Design of file size and type of access based replication algorithm for data grid

  • Authors:
  • K. Jain;A. V. Vidhate;V. Wangikar;S. Shah

  • Affiliations:
  • Xavier Institute of Engineering, Mumbai, India;Xavier Institute of Engineering, Mumbai, India;K.C. College of Engineering, Mumbai, India;Vidyalankar Institute of Technology, Mumbai, India

  • Venue:
  • Proceedings of the International Conference & Workshop on Emerging Trends in Technology
  • Year:
  • 2011

Quantified Score

Hi-index 0.00

Visualization

Abstract

Grid computing provides the effective sharing of computational and storage resources among geographically distributed users. In most of the organizations, there are large amounts of underutilized computing power and storage existing. On the other hand most desktop machines are busy less than 5 percent of the time. Grid computing provides a framework for exploiting these underutilized resources and thus increases the efficiency of resource usage. Now a days, many commercial, business and research institutes produce huge amount of data and need to store this data on secondary storage of machines.
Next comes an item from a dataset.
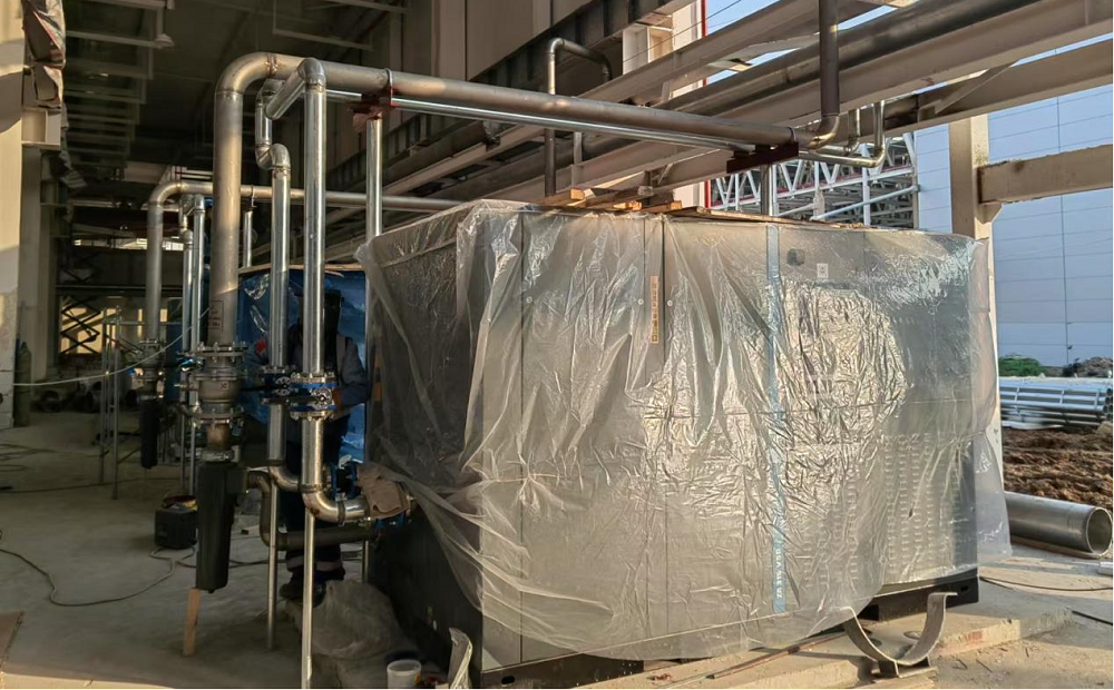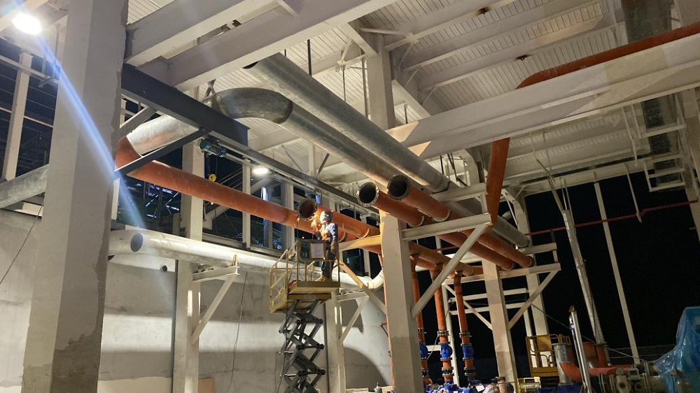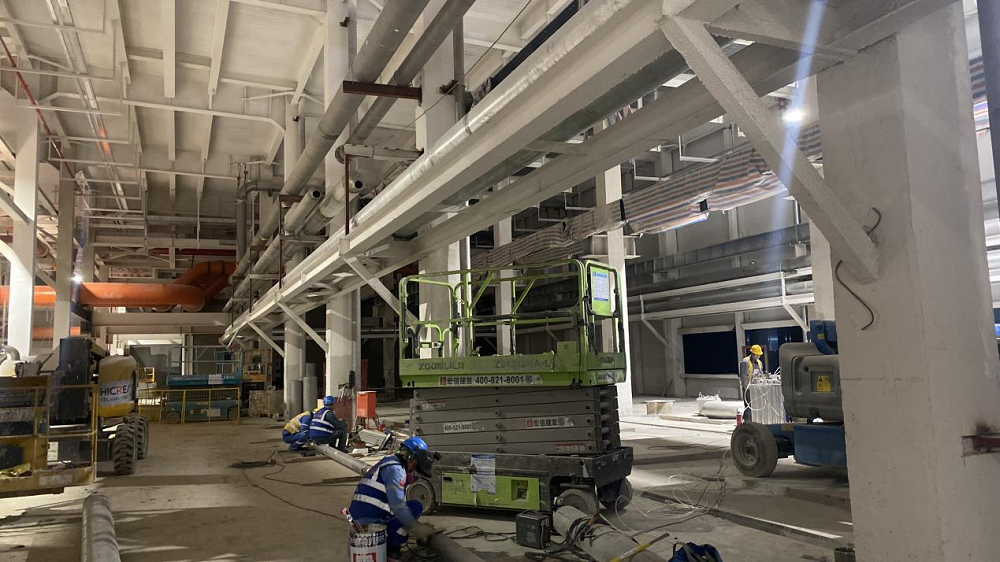 站房一(能源中心)作為整個廠區(qū)的“發(fā)動機”,建筑面積雖僅有11000平方米,但單體機電安裝造價約8000萬元,施工內容涵蓋空壓站、污水處理站、高效制冷機房、消防泵房及給水加壓站房等全廠幾乎所有核心“部件”。面對施工工藝復雜、工期緊、標準高且施工過程中設計變更頻繁、設備供貨周期長、資金不到位等多種不利因素,項目部積極想辦法克服困難,采取主動對接各方資源,深化設計確認、督促設備批量排產、加快技術交底完成、倒排施工計劃等一系列有效措施,堅持“搶進度、抓質量、保安全”核心思想不動搖,加班加點推進項目建設。截至目前,站房一(能源中心)形象進度已完成55%以上,實現(xiàn)產能過半,為確保關鍵合同節(jié)點“2025年2月28日公用動力系統(tǒng)調試完成,并具備各生產條件”打下堅實基礎。

Users of data are distributed among different geographical boundaries and they want to collaborate on the same problem. Data grids focus on providing secure access to distributed, heterogeneous pools of data. Data grids harness data, storage, and network resources located in distinct administrative domains, and provide high speed and reliable access to data. Optimization of data access can be achieved via data replication, whereby identical copies of data are generated and stored at various sites. A good replication strategy should ideally minimize latencies; reduce access time while optimizing resources. Hence in this paper we have focused on improving data grid performance. We have first presented a detailed analysis of various replication strategies like No replication, Always replication and the Economic model simulated by OptorSim. Next we have proposed a dynamic replication strategy which switches between No replication and Always replication based on file size and type of access. We argue that the proposed file size and type of access based replication algorithm will minimize the access latencies and execution time of jobs on Grid. In the next phase we shall proceed with implementing algorithm on simulator and observing the performance of the implemented algorithm.